Hampton High School students create adaptive glove to assist middle school teacher

Friday, January 17, 2020 | 11:42 AM


The glove and pen attached to Bethann Dolan’s right hand is simple in design. Yet the independence it has given her has been worth its weight in gold.

“When you go from being completely independent, to being unable to do things for yourself, every little step back toward independence helps,” said Dolan.

Hampton High School sophomores Danielle Sutterlin and Dakota Basista are responsible for that step back toward independence for Dolan. The students designed the glove as part of a national contest for SourceAmerica’s 2020 Design Challenge. Entrants in the challenge were tasked with creating a scalable, replicable innovation with the potential to increase the economic mobility of people with disabilities. Winners of the challenge will be announced in March 2020.

Dolan was diagnosed with transverse myelitis in 2006, a rare, sudden-onset neurological disorder that caused inflammation in her spinal cord that left her a quadriplegic. She spent two years in rehabilitation before returning to her position at Hampton Middle School, where she is a math support teacher.

Since her return to teaching, Dolan has worked with volunteer assistants who helped her complete tasks such as writing on the board, typing and grading papers. She would dictate what was to be written, and the volunteers would complete the task. “To be able to do some of this myself helps to alleviate the burden on my helpers, and it also alleviates any problems in communicating effectively with my students.”

Sutterlin and Basista said there was a lot of trial and error involved in the design process before they came up with a final product that accomplished the intended task. A variety of materials were explored before the pair settled on a soft, breathable cotton fabric and some double-sided Velcro to accomplish their task. Three of the fingers on the glove are sewn together to accommodate the fact that Dolan has no feeling in or use of her hands. The index finger and thumb portions of the glove have a gel pen attached to them for writing. The students decided to use a gel pen because it doesn’t require as much pressure to successfully write with, whereas a traditional ballpoint pen does. Since Dolan has no feeling in her hands, using a ballpoint pen would be difficult if not impossible.
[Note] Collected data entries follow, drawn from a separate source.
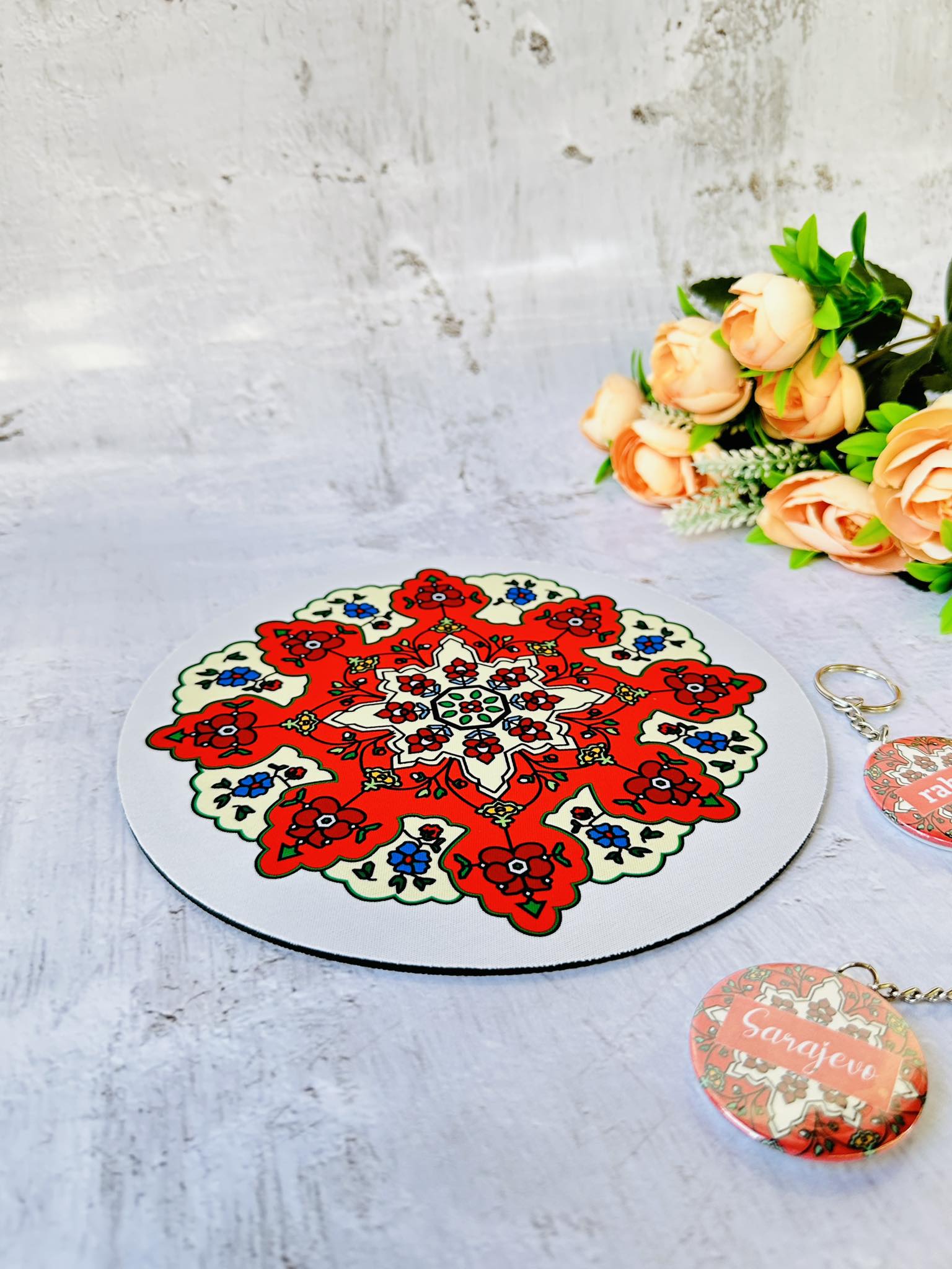 Naša podloga za miš u dezenu bosanskog ćilima nije samo funkcionalna, već i pravo umjetničko djelo koje će osvježiti bilo koji radni prostor donoseći mu djelić Bosne. 🇧🇦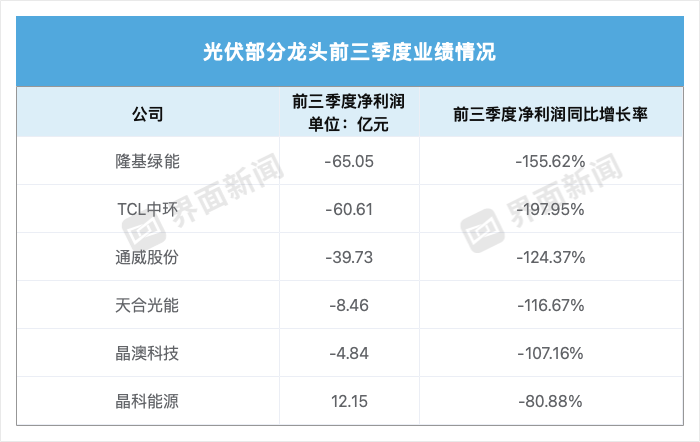其中,TCL中环成为单季亏损王,三季度亏损近30亿元,几乎与上半年亏损额相当。上半年还盈利的天合光能(688599.SH)三季度亏损近14亿元,环比暴跌。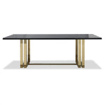 A highly modern and elegant piece, the beauty of the Lennox Dining Table lies in its simplicity and charm. The architecturally angular double legs are created from polished stainless steel with a brass finish. The top is formed from high quality, smooth black ash veneer which lends a very attractive finish. It has all the practicality of solid wood yet is easier to keep clean and looking good for longer. This is perfect for casual dining or for a formal dinner with friends, family or clients alike. It will comfortably fit 8 guests but with the generosity of the Lennox Dining Table, you can easily squeeze a couple of extras on when you need to.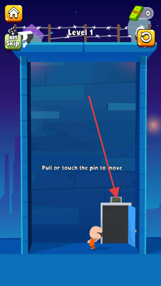 2、在游戏场景中,按照提示Pull or touch the pin to move,通过拉动或触摸插销,帮助角色到达门口。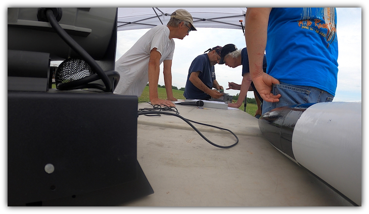 The TRIPOLI Pittsburgh club rocket, the Red Dragon launched on Saturday on an M-1533. The motor, brewed by motor expert Joe Pscolka (loading at left), was composed of NASSA Violet propellant.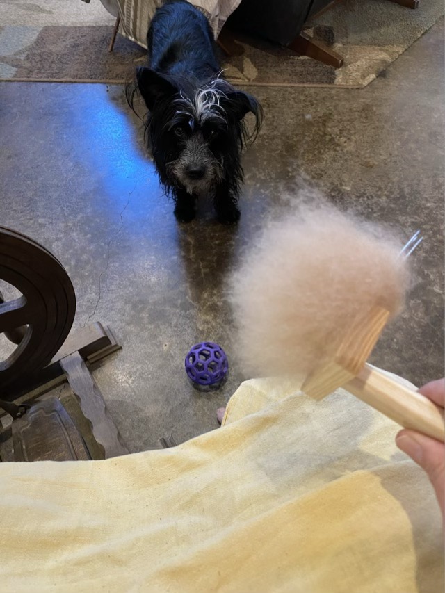 I knew I had another box of blended fiber by Anniewhere, and I found it while looking for what to spin next in my prepped fiber box! Yay! I think I’ve spun 4 oz of this blend so far, which consists of Merino wool, Blue Faced Leichtester, Alpaca, Tussah Silk, and Finn Wool. I’ve been using it to test out different spindles, so I continued that and dug out a 3D printed Turkish spindle that I bought at a fiber festival. It spins beautifully and even though I have to use a half hitch at the top, rather than a hook or notch, I haven’t been dropping it as much as I feared.

Dolan has limited movement in her shoulder, so the device was designed with stability in mind. An accompanying clipboard, with fasteners on the front to firmly hold papers in place and skid-resistant material on the back to keep it still on the table, are part of the adaptive ensemble. “It’s a lot of simple ideas and materials combined to make this innovative and effective,” said Sutterlin.

The students have been working on their project since October. While they started out with the goal of inventing something that could possibly win the SourceAmerica contest, their focus soon shifted. “As we went through the process of making it, we started to care more about making something that works for (Dolan), even if we don’t win the contest,” said Basista. “Winning the contest is less important than helping her with something she can use for years to come.”

Both students said they are pleased with their final product, but plan to continue working to modify and improve the design if possible to make it even more functional than it is now.

“What these two students have taken the time to do is pretty amazing,” Dolan said. “They’ve not only created something that has improved my ability to do my job more independently but also has helped me at home as well. Just the other night, I was able to use this glove to play Scattergories with my family without any help for the first time in 14 years. That was incredible.”